Incidence and characteristics of vitamin D deficiency rickets in New Zealand children: a New Zealand Paediatric Surveillance Unit study.Aust N Z J Public Health 2015; 39(4):380-3AN
To investigate the incidence and characteristics of vitamin D deficiency rickets in New Zealand (NZ).
Prospective surveillance among paediatricians of Vitamin D Deficiency Rickets was conducted by the New Zealand Paediatric Surveillance Unit (NZPSU) for 36 months, from July 2010 to June 2013, inclusive. Inclusion criteria were: children and adolescents <15 years of age with vitamin D deficiency rickets (defined by low serum 25-hydroxyvitamin D and elevated alkaline phosphatase levels, and/or radiological rickets).
Fifty-eight children with confirmed vitamin D deficiency rickets were identified. Median age was 1.4 (range 0.3-11) years, 47% were male, and 95% of the children were born in NZ; however, the majority of the mothers (68%) were born outside NZ. Overall annual incidence of rickets in children aged <15 years was 2.2/100,000 (95%CI 1.4-3.5); with incidence in those <3 years being 10.5/100,000 (95%CI 6.7-16.6). Skeletal abnormalities, poor growth and motor delay were the most common presenting features, with hypocalcaemic convulsion in 16% of children. Key risk factors identified were: darker skin pigment, Indian and African ethnicity, age <3 years, exclusive breast feeding, and southern latitude, particularly when combined with season (winter/spring). Of the patients reported, none had received appropriate vitamin D supplementation.

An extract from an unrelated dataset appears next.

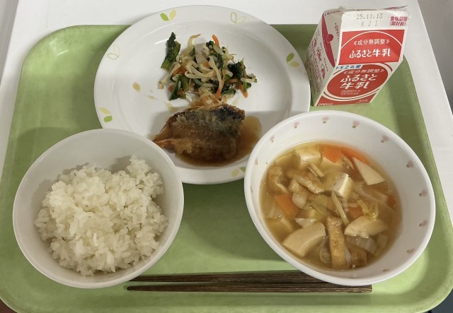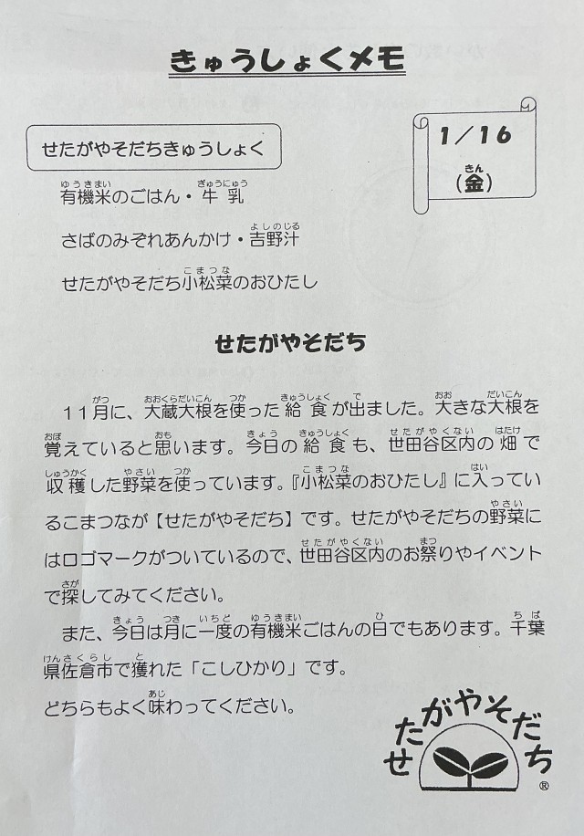 【今日の献立 せたがやそだち給食】有機米のごはん・牛乳・さばのみぞれあんかけ・吉野汁・せたがやそだち小松菜のおひたし

Vitamin D deficiency rickets remains a problem for NZ children. Key risk factors remain similar to those identified in the international literature. Preventative targeted vitamin D supplementation, as per existing national guidelines, was lacking in all cases reported.
Vitamin D deficiency rickets is the most significant manifestation of vitamin D deficiency in growing children. To reduce the incidence of this disease among those at high risk, increasing awareness and implementation of current public health policies for targeted maternal, infant and child supplementation are required.